--- What to produce ---
The records below are to be transcribed exactly from their first line to the line that has "The Report Definition", inclusive, with every picture omitted.

Dataset records
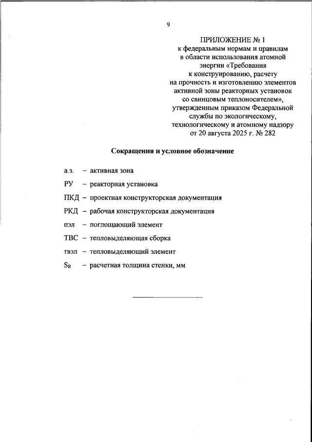 "ОБ УТВЕРЖДЕНИИ ФЕДЕРАЛЬНЫХ НОРМ И ПРАВИЛ В ОБЛАСТИ ИСПОЛЬЗОВАНИЯ АТОМНОЙ ЭНЕРГИИ "ТРЕБОВАНИЯ К КОНСТРУИРОВАНИЮ, РАСЧЕТУ НА ПРОЧНОСТЬ И ИЗГОТОВЛЕНИЮ ЭЛЕМЕНТОВ АКТИВНОЙ ЗОНЫ РЕАКТОРНЫХ УСТАНОВОК СО СВИНЦОВЫМ ТЕПЛОНОСИТЕЛЕМ" (НП-119-25)"
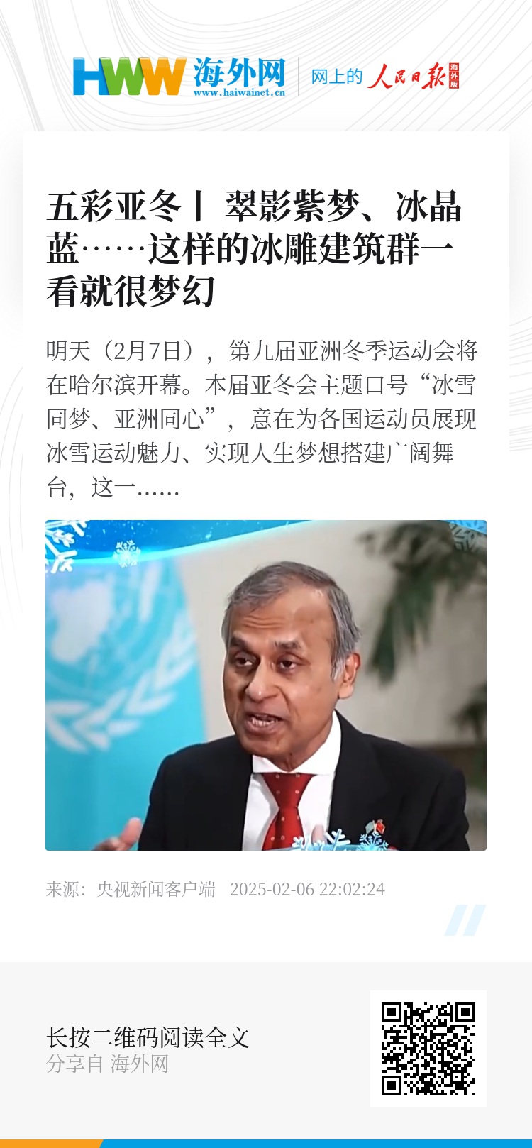 巴基斯坦驻华大使 哈什米:这是一项重大活动,亚洲冬季运动会是一项国际赛事。我认为,通过举办亚洲冬季运动会,其背后所传递的精神是包容性,将大家凝聚在一起,朝着共同的未来前进。我认为这是体育领域的又一个重要里程碑。
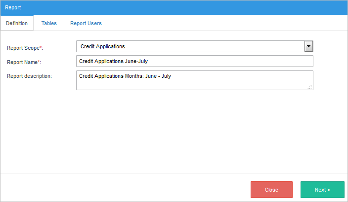 The Report Definition dialog will be display. Complete the following fields:
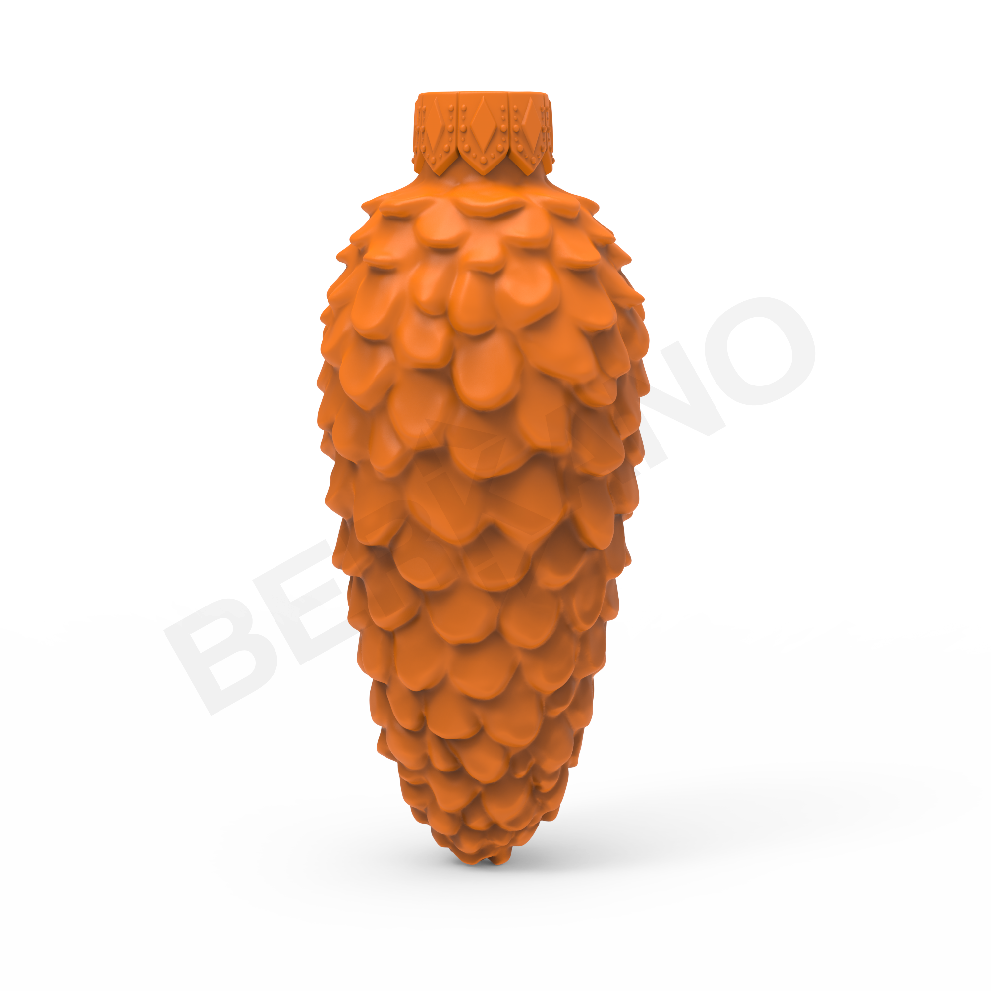 NEEDLS - Фигура с вытянутым силуэтом классической еловой шишки. Чешуйки выполнены с подчёркнутой геометрией: каждая - объёмная, треугольной формы, чередуются слоями. Верх - заострённый, низ расширен. Игра света между слоями создаёт иллюзию глубины и естественного тени. Рельефная фактура придаёт объём и подчёркивает природный мотив.
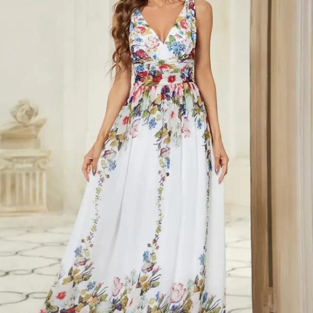 Fleepmart Women Elegant A Line Red Dress With 3D Ruffles O Neck Long SLeeve Pleated Classy Stylish Party Evening Wedding Celebration Gown
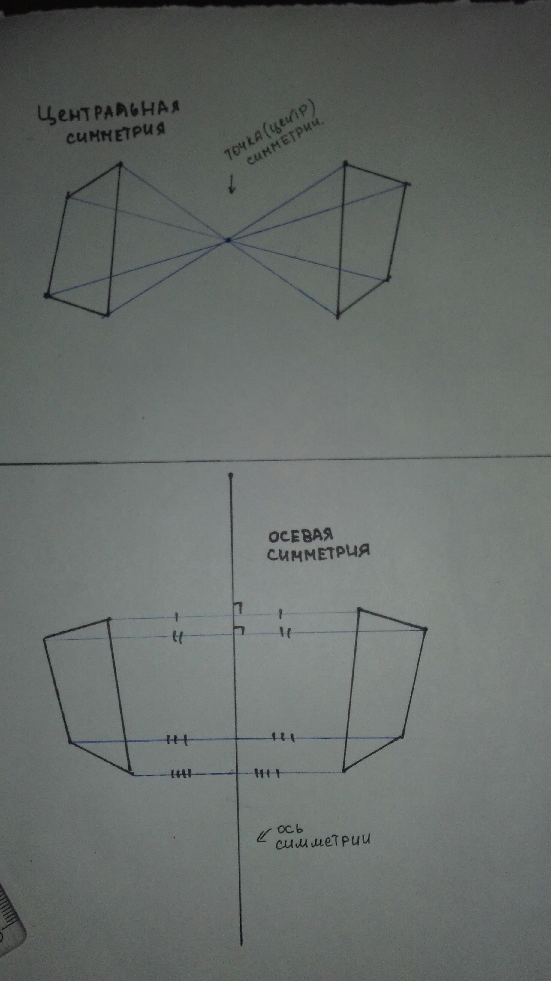 для центральной симметрии рядом с фигкрой отмечаешь точку и измеряешь расстояние от каждого угла фигуры до точки, а потом чертишь линию от угла до точки и продливаешь на это же расстояние. так с каждым углом и в конце просто соединяешь точки.

--- Solution to this problem ---
 "ОБ УТВЕРЖДЕНИИ ФЕДЕРАЛЬНЫХ НОРМ И ПРАВИЛ В ОБЛАСТИ ИСПОЛЬЗОВАНИЯ АТОМНОЙ ЭНЕРГИИ "ТРЕБОВАНИЯ К КОНСТРУИРОВАНИЮ, РАСЧЕТУ НА ПРОЧНОСТЬ И ИЗГОТОВЛЕНИЮ ЭЛЕМЕНТОВ АКТИВНОЙ ЗОНЫ РЕАКТОРНЫХ УСТАНОВОК СО СВИНЦОВЫМ ТЕПЛОНОСИТЕЛЕМ" (НП-119-25)"
 巴基斯坦驻华大使 哈什米:这是一项重大活动,亚洲冬季运动会是一项国际赛事。我认为,通过举办亚洲冬季运动会,其背后所传递的精神是包容性,将大家凝聚在一起,朝着共同的未来前进。我认为这是体育领域的又一个重要里程碑。
 The Report Definition dialog will be display. Complete the following fields:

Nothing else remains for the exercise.